JASON LENGSTORF: I'm going to check the getUserMedia, just to make sure. We get a stream, get user media, that all worked. With our stream, we need to put it somewhere. Video, true, good, yeah. Okay, but show me how to put it in a video tag. You don't have a single demo? Come on. Examples, here we go. Video, source object is mediaStream. Oh, we got to tell it to play.
JASON MAYES: Oh, of course.
JASON LENGSTORF: I think we actually might be able to --
JASON MAYES: Autoplay on the tag.
JASON LENGSTORF: I think that works. Yeah, look at it go. I was supposed to turn this thing on. What kind of production am I running here? Look at that.
JASON MAYES: Got all the lights.
JASON LENGSTORF: Now you can see this side of my face, which was before lost to the shadows. All right. So now we'll be able to -- so this is the stream, and then this is my computer. So I'll be showing to the computer.

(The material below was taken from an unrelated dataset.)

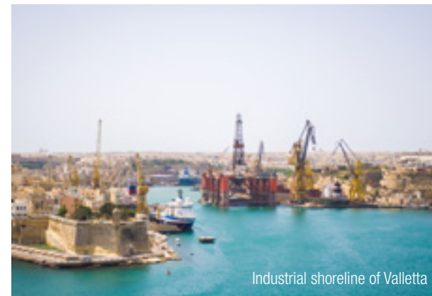
Industrial shoreline of Valletta

Our experienced InterGest partners will assist you in over 50 countries, from Canada to New Zealand, where a team of around 750 employees currently provides consulting services to approximately 1,700 branches of international companies.

JASON MAYES: Bananas like this, exactly.
JASON LENGSTORF: We'll basically be playing this game. Okay, good.
JASON MAYES: Now, that is the good question. So just to prevent any issues later, I recommend also when we add the -- when we set the source object, we should add in event listener for when the video is loaded. I think loaded data is the event we should be listening for. And that's what we can use to then start telling our machine learning to predict the web cam results. So that way we know the video stream is working, because I've had problems in the past where you start trying to predict things on a blank video stream, and basically everything blows up and it's not so good.
JASON LENGSTORF: Yeah, and that was, what, on -- oh --
JASON MAYES: Loaded data, all lower case, one word. So add event listener.
JASON LENGSTORF: Add event listener.
JASON MAYES: First parameter, string data. Then a function after that. This is going to be where we're going to start activating our machine learning kind of prediction loop, if you will. Whatever that will be.
JASON LENGSTORF: Do I just want to get straight into this thing, or?
JASON MAYES: Yeah, we can probably copy the cocoSsd stuff we had from before. The load stuff, we should have loaded before, actually. Okay, we can do it here. Let's do it here, let's do it here. That's fine, yeah, cool. Exactly what you had before, paste it in there for now. Once it's loaded, we'll call our animation loop or something, which can be a separate function.
JASON LENGSTORF: In this case, am I running it against the stream, or the video, or what am I running it against?
JASON MAYES: It will be the video tag itself. Get element by ID or something like that.
JASON LENGSTORF: I abstracted it out here so I could use it again. So get that, then get predictions.
JASON MAYES: Correct. Yeah.
JASON LENGSTORF: Okay. So that should give us our predictions. Good.
JASON MAYES: Fingers crossed.
JASON LENGSTORF: Excellent.
JASON MAYES: If we run that now, it would probably say person, because it doesn't recognize people. It would probably see you for now. See what pops up.
JASON LENGSTORF: It does. It's 86% sure I am a person. The other 14% is, what, bear?
JASON MAYES: Who knows. Other things in there, too.
JASON LENGSTORF: Okay. So now we need to set this up -- 14% beard. That was the right answer. So I want this to not yell at me. That should still work. It does, it doesn't? There it is.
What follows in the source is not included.